Collected data entries:

------------------------

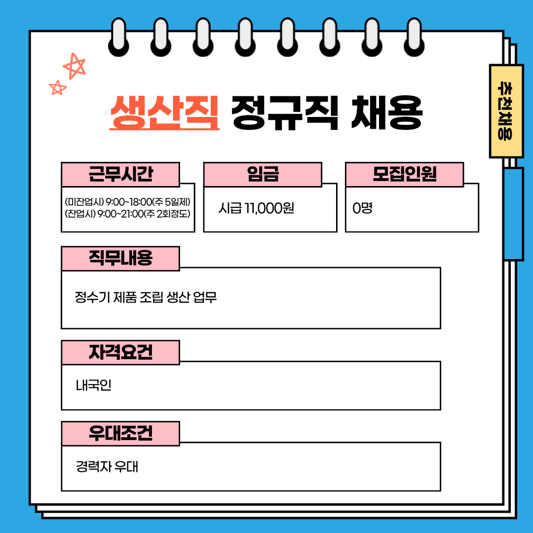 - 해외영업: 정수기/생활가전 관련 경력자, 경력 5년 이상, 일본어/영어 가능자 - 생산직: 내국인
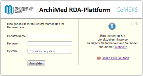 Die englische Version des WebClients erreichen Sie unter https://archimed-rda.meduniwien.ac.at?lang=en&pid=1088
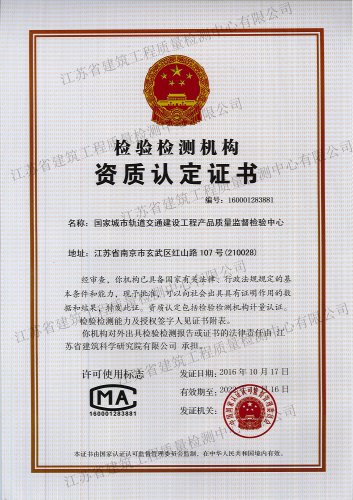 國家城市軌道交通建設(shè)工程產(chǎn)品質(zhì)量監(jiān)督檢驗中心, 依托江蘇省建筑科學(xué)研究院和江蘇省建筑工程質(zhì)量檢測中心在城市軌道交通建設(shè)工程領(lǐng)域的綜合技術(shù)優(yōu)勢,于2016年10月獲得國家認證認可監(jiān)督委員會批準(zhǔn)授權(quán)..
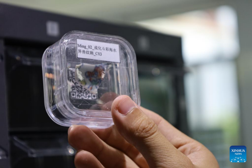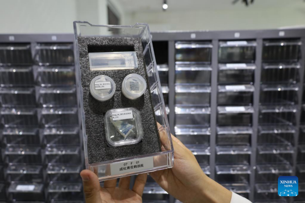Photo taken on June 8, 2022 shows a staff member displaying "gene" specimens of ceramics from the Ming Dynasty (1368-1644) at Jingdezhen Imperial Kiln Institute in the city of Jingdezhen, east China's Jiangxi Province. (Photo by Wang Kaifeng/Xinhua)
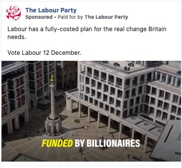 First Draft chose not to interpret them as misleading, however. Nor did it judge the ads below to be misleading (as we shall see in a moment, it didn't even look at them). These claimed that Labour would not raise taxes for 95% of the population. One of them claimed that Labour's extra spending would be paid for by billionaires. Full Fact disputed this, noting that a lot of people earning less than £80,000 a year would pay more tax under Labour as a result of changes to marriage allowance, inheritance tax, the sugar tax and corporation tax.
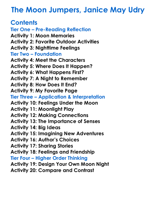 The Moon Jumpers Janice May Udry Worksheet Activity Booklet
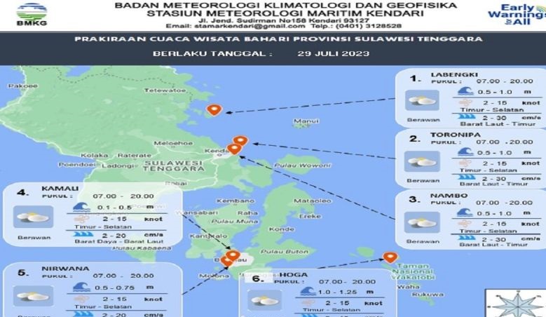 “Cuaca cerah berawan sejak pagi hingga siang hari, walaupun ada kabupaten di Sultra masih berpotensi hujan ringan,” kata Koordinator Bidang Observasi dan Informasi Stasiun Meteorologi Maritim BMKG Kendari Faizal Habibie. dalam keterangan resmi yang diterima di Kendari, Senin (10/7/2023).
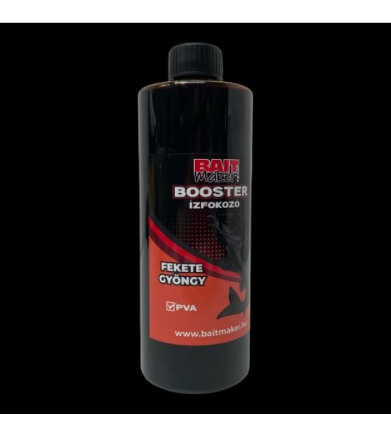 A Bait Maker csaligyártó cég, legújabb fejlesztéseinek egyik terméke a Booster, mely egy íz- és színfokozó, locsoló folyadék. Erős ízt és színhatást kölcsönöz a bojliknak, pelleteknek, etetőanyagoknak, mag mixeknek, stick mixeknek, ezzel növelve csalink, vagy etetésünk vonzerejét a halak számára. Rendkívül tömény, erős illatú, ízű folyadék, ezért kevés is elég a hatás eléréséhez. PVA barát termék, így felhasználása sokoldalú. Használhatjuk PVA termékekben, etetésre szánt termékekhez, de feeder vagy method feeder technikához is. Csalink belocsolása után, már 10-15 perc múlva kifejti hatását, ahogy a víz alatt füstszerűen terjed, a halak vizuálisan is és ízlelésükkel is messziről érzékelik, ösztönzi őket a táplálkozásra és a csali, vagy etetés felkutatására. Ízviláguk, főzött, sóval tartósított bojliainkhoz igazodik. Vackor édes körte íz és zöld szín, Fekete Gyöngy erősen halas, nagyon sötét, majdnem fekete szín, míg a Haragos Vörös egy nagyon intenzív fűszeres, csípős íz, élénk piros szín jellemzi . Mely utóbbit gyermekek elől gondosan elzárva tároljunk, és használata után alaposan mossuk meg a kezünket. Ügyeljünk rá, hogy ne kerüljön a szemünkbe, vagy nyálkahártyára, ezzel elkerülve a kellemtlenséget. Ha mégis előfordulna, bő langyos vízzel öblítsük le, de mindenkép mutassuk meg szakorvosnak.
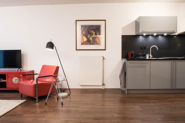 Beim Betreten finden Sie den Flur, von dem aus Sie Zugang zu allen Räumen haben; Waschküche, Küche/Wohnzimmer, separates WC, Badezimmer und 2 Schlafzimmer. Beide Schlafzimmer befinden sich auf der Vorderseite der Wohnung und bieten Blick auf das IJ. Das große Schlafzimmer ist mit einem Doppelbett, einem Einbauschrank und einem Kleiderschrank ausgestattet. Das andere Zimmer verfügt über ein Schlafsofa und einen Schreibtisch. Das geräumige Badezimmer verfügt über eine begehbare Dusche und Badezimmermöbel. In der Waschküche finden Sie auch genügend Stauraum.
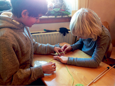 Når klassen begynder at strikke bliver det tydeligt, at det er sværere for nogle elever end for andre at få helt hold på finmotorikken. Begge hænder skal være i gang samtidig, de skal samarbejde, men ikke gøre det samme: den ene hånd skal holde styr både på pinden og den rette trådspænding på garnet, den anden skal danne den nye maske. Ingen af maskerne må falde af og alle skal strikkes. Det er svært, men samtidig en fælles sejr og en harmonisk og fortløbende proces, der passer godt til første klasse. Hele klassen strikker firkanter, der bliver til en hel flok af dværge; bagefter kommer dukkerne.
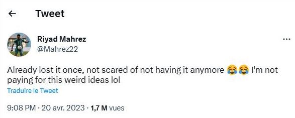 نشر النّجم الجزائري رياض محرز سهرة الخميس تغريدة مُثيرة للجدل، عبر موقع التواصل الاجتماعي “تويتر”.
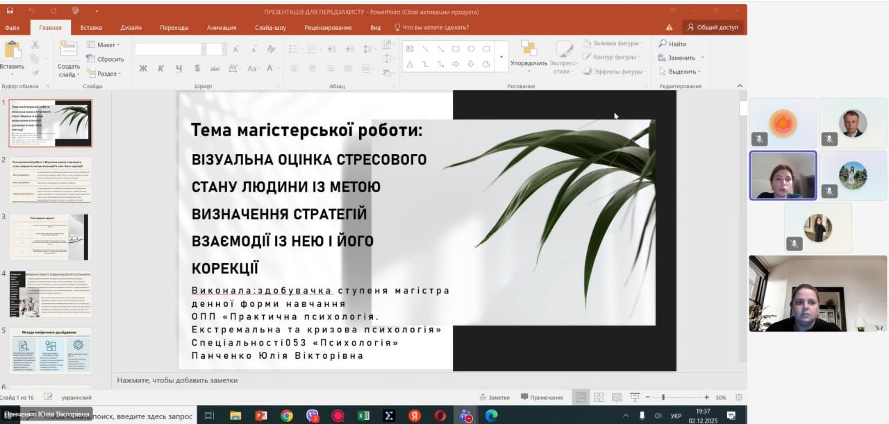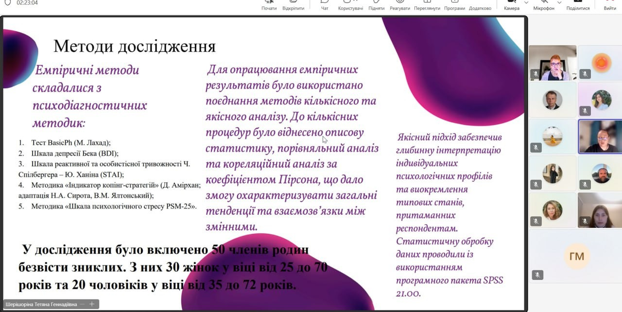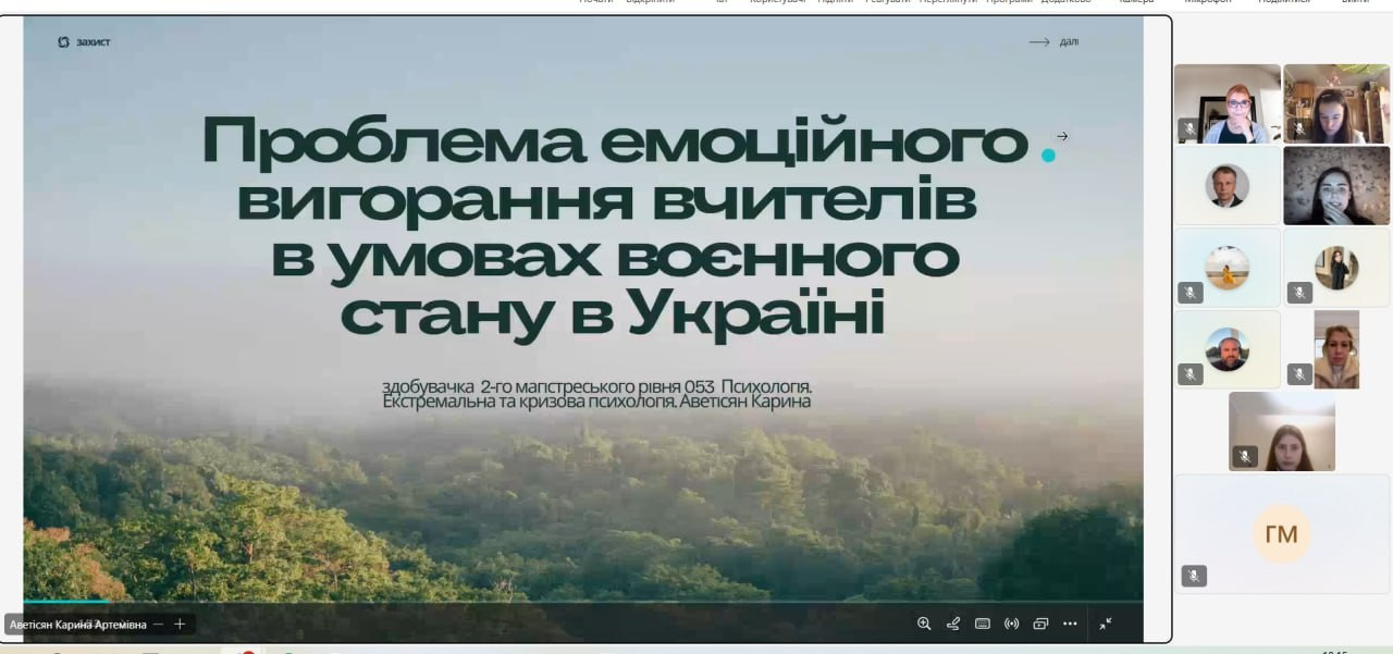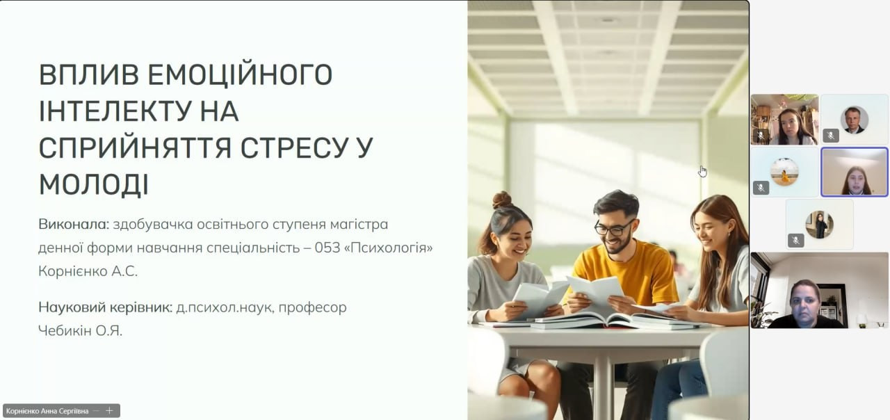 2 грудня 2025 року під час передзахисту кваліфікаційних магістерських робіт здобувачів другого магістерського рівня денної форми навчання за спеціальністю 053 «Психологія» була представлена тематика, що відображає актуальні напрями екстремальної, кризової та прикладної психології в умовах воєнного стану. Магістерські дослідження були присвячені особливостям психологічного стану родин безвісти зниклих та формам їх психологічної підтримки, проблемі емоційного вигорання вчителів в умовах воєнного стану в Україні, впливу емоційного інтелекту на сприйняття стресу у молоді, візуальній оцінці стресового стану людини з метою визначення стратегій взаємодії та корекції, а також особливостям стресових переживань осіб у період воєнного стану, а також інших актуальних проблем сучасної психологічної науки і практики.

------------------------

EXERCISE: Set down exactly the lines running from the beginning of the entries above to the line that contains "Kendari, Senin (10/7/2023).", including both, and leave out pictures.

TASK RESULT:
 - 해외영업: 정수기/생활가전 관련 경력자, 경력 5년 이상, 일본어/영어 가능자 - 생산직: 내국인
 Die englische Version des WebClients erreichen Sie unter https://archimed-rda.meduniwien.ac.at?lang=en&pid=1088
 國家城市軌道交通建設(shè)工程產(chǎn)品質(zhì)量監(jiān)督檢驗中心, 依托江蘇省建筑科學(xué)研究院和江蘇省建筑工程質(zhì)量檢測中心在城市軌道交通建設(shè)工程領(lǐng)域的綜合技術(shù)優(yōu)勢,于2016年10月獲得國家認證認可監(jiān)督委員會批準(zhǔn)授權(quán)..
Photo taken on June 8, 2022 shows a staff member displaying "gene" specimens of ceramics from the Ming Dynasty (1368-1644) at Jingdezhen Imperial Kiln Institute in the city of Jingdezhen, east China's Jiangxi Province. (Photo by Wang Kaifeng/Xinhua)
 First Draft chose not to interpret them as misleading, however. Nor did it judge the ads below to be misleading (as we shall see in a moment, it didn't even look at them). These claimed that Labour would not raise taxes for 95% of the population. One of them claimed that Labour's extra spending would be paid for by billionaires. Full Fact disputed this, noting that a lot of people earning less than £80,000 a year would pay more tax under Labour as a result of changes to marriage allowance, inheritance tax, the sugar tax and corporation tax.
 The Moon Jumpers Janice May Udry Worksheet Activity Booklet
 “Cuaca cerah berawan sejak pagi hingga siang hari, walaupun ada kabupaten di Sultra masih berpotensi hujan ringan,” kata Koordinator Bidang Observasi dan Informasi Stasiun Meteorologi Maritim BMKG Kendari Faizal Habibie. dalam keterangan resmi yang diterima di Kendari, Senin (10/7/2023).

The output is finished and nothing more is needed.